Filed September 14, 2023

 

ORDER MODIFYING

OPINION AND DENYING

REHEARING

 

NO CHANGE IN THE

JUDGMENT

 

THE COURT:

 

It is ordered that the opinion filed herein on August 24, 2023, be modified as follows:

 

1. On page 13, line 1, insert "(Jozovich)" immediately after "223-224" so the full citation reads:

 

(Jozovichv. Central Cal.

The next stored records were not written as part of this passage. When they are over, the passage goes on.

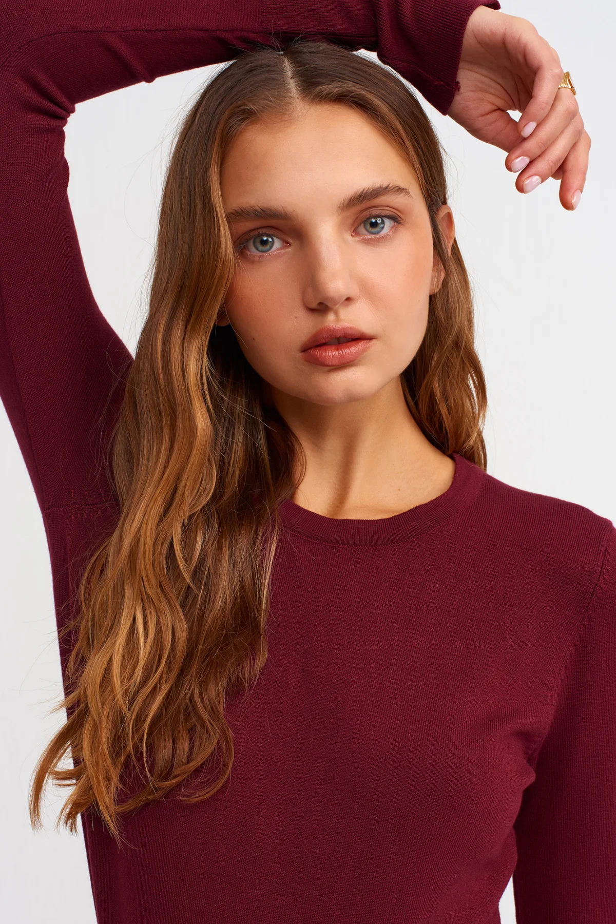Bisiklet Yaka Kol Ortası Droplu Bordo Kazak
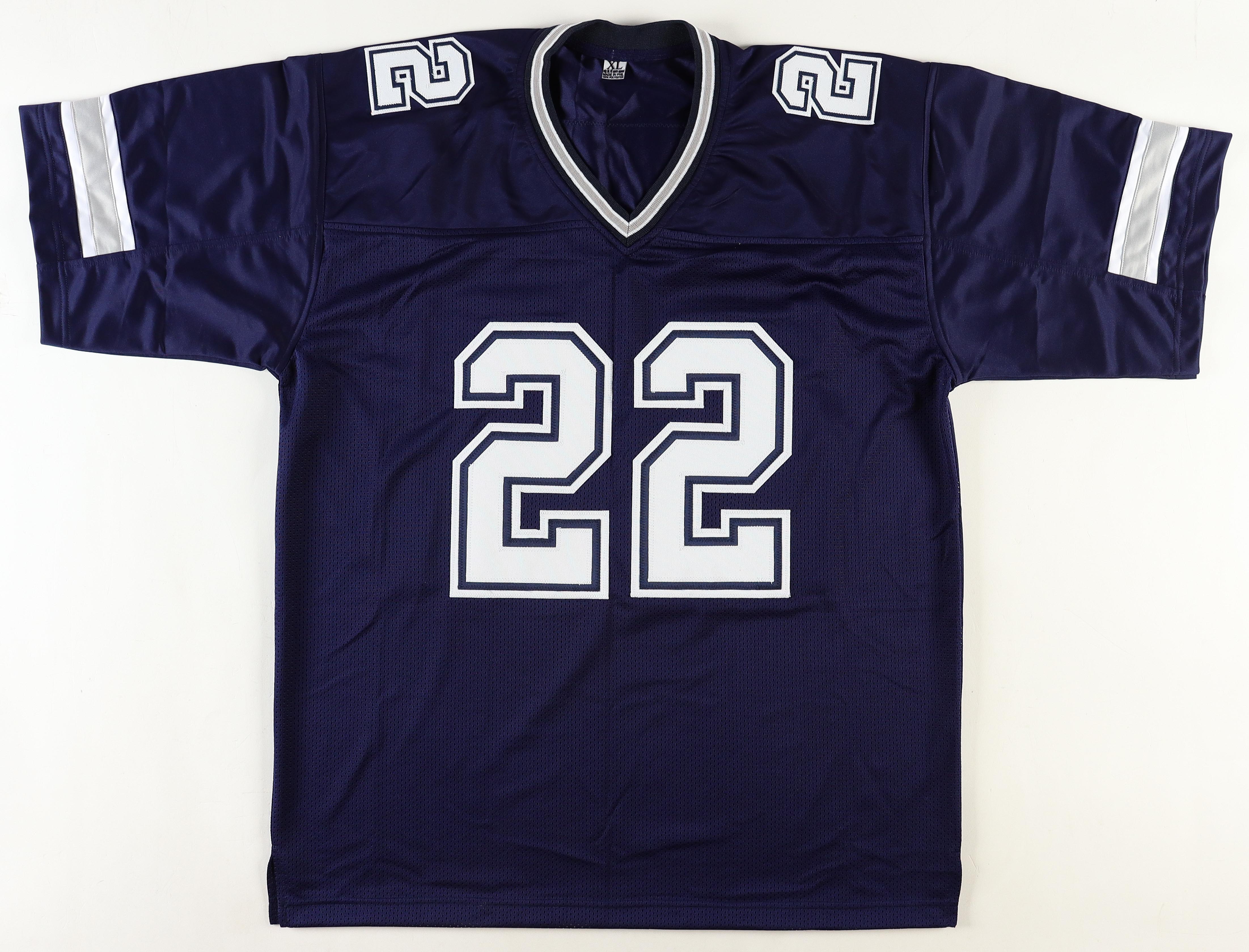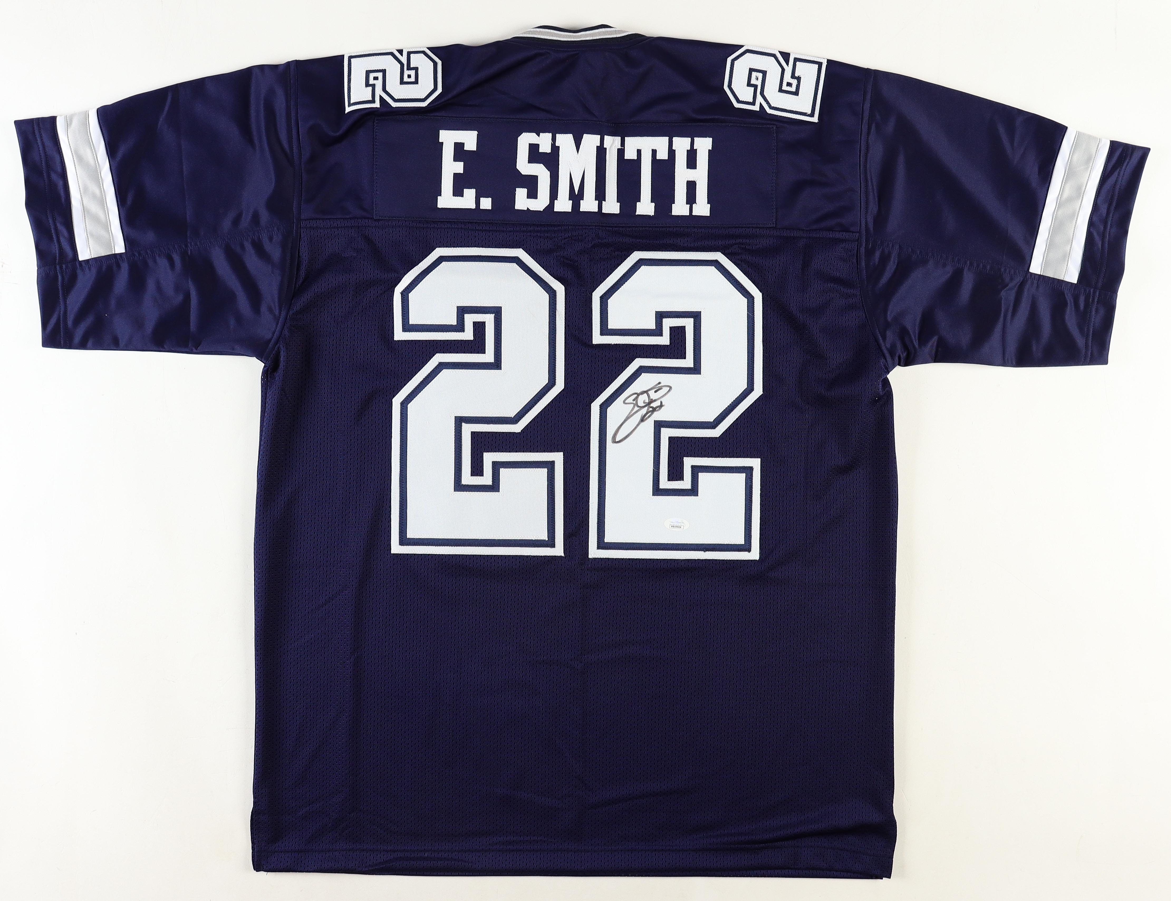 Custom jersey. Everything sewn on, size XL. Hand-signed by Emmitt Smith (HOF).
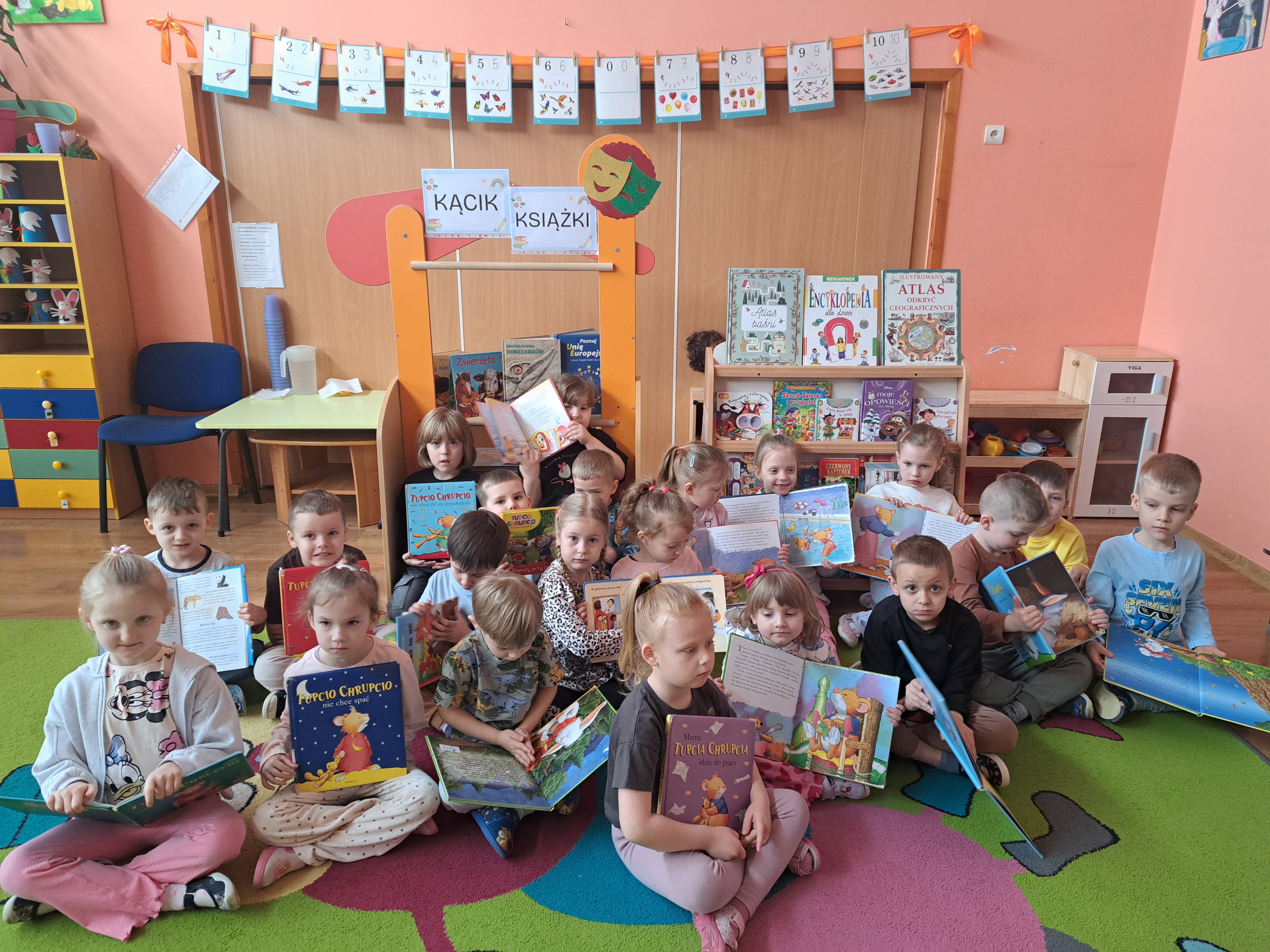 14 kwietnia (wtorek) w naszej sali powstaÅ‚ KÄ…cik Książki. Specjalne miejsce dla książek jest dla dzieci sygnaÅ‚em iż czytanie jest ważnÄ… dziedzinÄ… życia dziÄ™ki której poszerzamy swojÄ… wiedzÄ™ i kreujemy Å›wiatopoglÄ…d. KÄ…cik czytelniczy speÅ‚nia też istotnÄ… rolÄ™ w rozwijaniu umiejÄ™tnoÅ›ci czytania. Nasze przedszkolaki podejmujÄ… próby samodzielnego "przeczytania" tekstu w znanej książeczce, odszukujÄ… literki, rozpoznajÄ… wyrazy. Dzieci uczÄ… siÄ™ szacunku do książek, wiedzÄ…, że należy o nie dbać, aby sÅ‚użyÅ‚y wszystkim przez dÅ‚ugi czas oraz, że należy odkÅ‚adać je na odpowiednie miejsce. W tym dniu MISIE odwiedziÅ‚y również naszÄ… przedszkolnÄ… bibliotekÄ™ gdzie poznaÅ‚y i utrwaliÅ‚y zasady korzystania z niej,dowiedziaÅ‚y siÄ™ czym siÄ™ różni biblioteka od ksiÄ™garni oraz jak można odnaleźć interesujÄ…cÄ… książkÄ™ wÅ›ród wielu póÅ‚ek peÅ‚nych bajek, opowiadaÅ„ i encyklopedii.

Berry Growers Assn. (1960) 183 Cal.App.2d 216, 223-224 (Jozovich) ["a contract which calls for the payment of a specified sum for performance by the other party is not'severable' merely because payments are divided into installments"].)

 

2. On page 13, immediately following the paragraph that ends with "weight of authority set forth above" insert the following new paragraphs:

 

McElfish resists our conclusion with three arguments.

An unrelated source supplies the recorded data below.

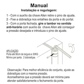 Dobradiça com Mola para fechamento automático suave das portas. Utilizada no lugar das molas aéreas funciona perfeitamente em portas pesadas e leves. Com uma mola interna de fácil regulagem da força de fechamento é super fácil de instalar, discreta mantendo a estética da porta e economiza espaço que uma mola aérea convencional ocupa. Características Medidas: 3.1/2 x 3 79 x 89mm Espessura: 2mm Material: Aço Acompanha Chave Allen para regulagem: Sim Capacidade de peso: 20 kg por dobradiça Dica Em portas de 2,10 de altura, mesmo pesando menor do que 60 kg o ideal é ser colocado 3 dobradiças para um bom funcionamento da mola Instruções para Instalação e regulagem 1 Encaixe a chave Allen na cavidade sextavada 2 Retire o Pino de Ajuste girando e pressionando a chave contra a dobradiça 3 Fixe a dobradiça de maneira convencional, depois de retirar o pino de ajuste 4 Com a porta fechada, encaixe novamente a chave allen na cavidade sextavada 5 Gire-a em sentido anti-horário, pressionando-a contra a dobradiça 6 Recoloque o pino de ajuste no orifício mais à esquerda 7 Cada orifício corresponde a uma pressão para fechar a porta. Quanto mais girar a chave a direita e colocar o pino a esquerda, maior será a pressão. ajuste da maneira necessária a sua necessidade ----------------------------------------------------------------------------------------------------------------------- Marca: Não Informado Ean: 1000000203394
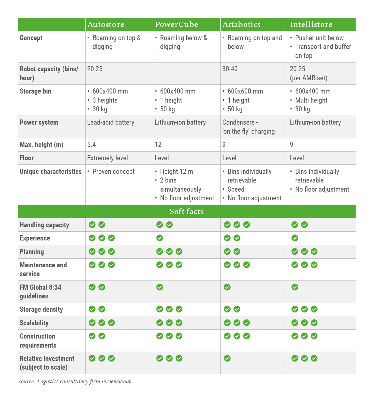 Dirk Becks, senior consultant at logistics consultancy firm Groenewout, has compared various goods-to-person cube storage systems and summarized their main characteristics and pros and cons in the table below.
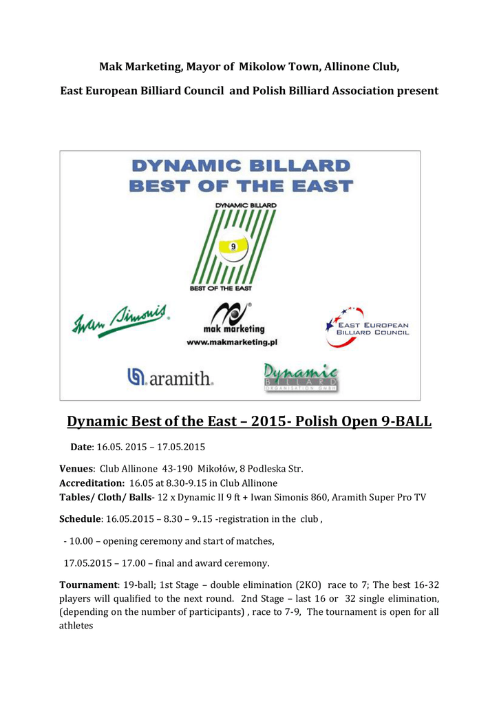 Mak Marketing, Mayor of Mikolow Town, Allinone Club, East European Billiard Council and Polish Billiard Association present Dynamic Best of the East – 2015- Polish Open 9-BALL Date: 16.05. 2015 – 17.05.2015 Venues: Club Allinone 43-190 Mikołów, 8 Podleska Str. Accreditation: 16.05 at 8.30-9.15 in Club Allinone Tables/ Cloth/ Balls- 12 x Dynamic II 9 ft + Iwan Simonis 860, Aramith Super Pro TV Schedule: 16.05.2015 – 8.30 – 9..15 -registration in the club , - 10.00 – opening ceremony and start of matches, 17.05.2015 – 17.00 – final and award ceremony. Tournament: 19-ball; 1st Stage – double elimination (2KO) race to 7; The best 16-32 players will qualified to the next round. 2nd Stage – last 16 or 32 single elimination, (depending on the number of participants) , race to 7-9, The tournament is open for all athletes Registration: in [email protected] only !!!! . Registration will close on 5.05. 2015 Dresscode: Polo shirt, one color trousers (no jeans and sport trousers allowed), shoes (no sneakers and sportshoes allowed). Prize money 1st - place- 1.050 euro, 2nd place- 700 €, 3-4th place- 400 euro , 5-8thplace- 200 € . East European Billiard Council would like to add 100 euro for the best female and 100 euro for the best junior player max 17 years old . ( if will registered minimum 5 participants in each category). Entry-fee for men athletes is 50€ and women and pupil athletes 30€. The participants pay during the registration. Hotels: Hotel Sjesta *** http://www.sjestahotel.pl/ Mikołów ul. Gliwicka 158 A, Twin or double room with breakfast - 165 zł, ( 41 euro per room), Hotel Pik http://www.hotelpik.pl/hotel Mikołów ul. Młyńska 5, Twin or double room with breakfast - 200 zł, ( 50 euro per room), Mocca d’Oro http://www.moccadoro.pl/ Mikołów ul. J. Pawła II 23 Twin or double room with breakfast - 200 zł, ( 50 euro per room), AkuVilla http://akuvilla.pl/ Tychy ul. Nizinna 76 Bed – 30-50 złotych ( 7,50 – 12,50 euro). Loft 71 http://loft71.dobrynocleg.pl/ Tychy ul. Katowicka 71 Bed – 40-85 złotych ( 10-20 euro). Hotel booking : [email protected] Tournament director : Marcin Krzeminski Technical director – Arkadiusz Maciol.

First, he argues that the acceleration clause was not discretionary (and hence that the duty to pay the entire amount is not divisible from the duty to make a single payment) because the HELOC agreement spells out that he would be "in default" the moment he failed to make even one payment. McElfish's conclusion does not follow from its premise: Although the HELOC agreement provides that a single nonpayment puts the borrower "in default," being in default is merely what gives the lender the option of invoking the acceleration clause in the first place. McElfish's argument collapses the two events (default and acceleration) into a single event, and robs the discretionary acceleration clause of any effect in derogation of the principle that we cannot rewrite contracts. (E.g., 24th & Hoffman Investors, LLC v. Northfield Ins. Co. (2022) 82 Cal.App.5th 825, 833 [courts "do not rewrite any provision of any contract"].)

 

3. On page 13, in the first sentence of the first full paragraph, delete the words "McElfish asserts" and replace them with "Second, and relatedly, McElfish argues" so the full sentence reads:

 

Second, and relatedly, McElfish argues that lenders should not be allowed to include discretionary acceleration clauses in contracts because their very existence means that lenders are not obligated to sue for the full amount of a debt upon the first instance of a periodic nonpayment, which McElfish asserts is inconsistent with the policy behind statutes of limitations to encourage lawsuits as early as possible.

 

4. On page 14, immediately following the paragraph that ends with "undue delay" in line 8, insert the following new paragraph:

 

Third and lastly, McElfish argues that a treatise and California case law dictate that a contract is divisible only when "'performance of each party is divided into two or more parts,'" such that contractual duties are not divisible merely because the duty to pay for a single performance is broken up into multiple payments. (Jozovich, supra, 183 Cal.App.2d at pp. 223-225, quoting 3 Williston, Contracts, p. 2408, § 860A (rev. ed.).) Applying this principle, McElfish continues, means that the duties owed under the HELOC agreement are not divisible because the lender had only a single performance (that is, loaning him money), such that McElfish's duty to repay every month is a subset of a single performance broken up into multiple payments. McElfish's argument ignores that the case law he cites is designed to set up a default rule for assessing the parties' intent regarding divisibility, and when it is appropriate to infer divisibility from a contractual duty to make payments over time. As explained above, in this case, the parties have---by their express designation of a maturity date and use of a clause that grants the lender discretion over whether to accelerate that maturity date---explicitly evinced a mutual intent to make the duty to pay the whole amount distinct from (and hence divisible from) the duty to make a single payment.

 

5. On page 14, line 11, immediately after "McElfish makes two further arguments" insert ", unrelated to the issue of divisibility," so the full sentence reads:

 

McElfish makes two further arguments, unrelated to the issue of divisibility, for why the trial court was correct to dismiss Piedmont's breach of contract claim.

 

There is no change in the judgment.

 

Respondent's petition for rehearing is denied.

 

ASHMANN-GERST, Acting P. J. CHAVEZ, J. HOFFSTADT, J.

 

 

*Pursuant to California Rules of Court, rules 8.1100 and 8.1110, this opinion is certified for publication as to all parts except Part II of the Discussion.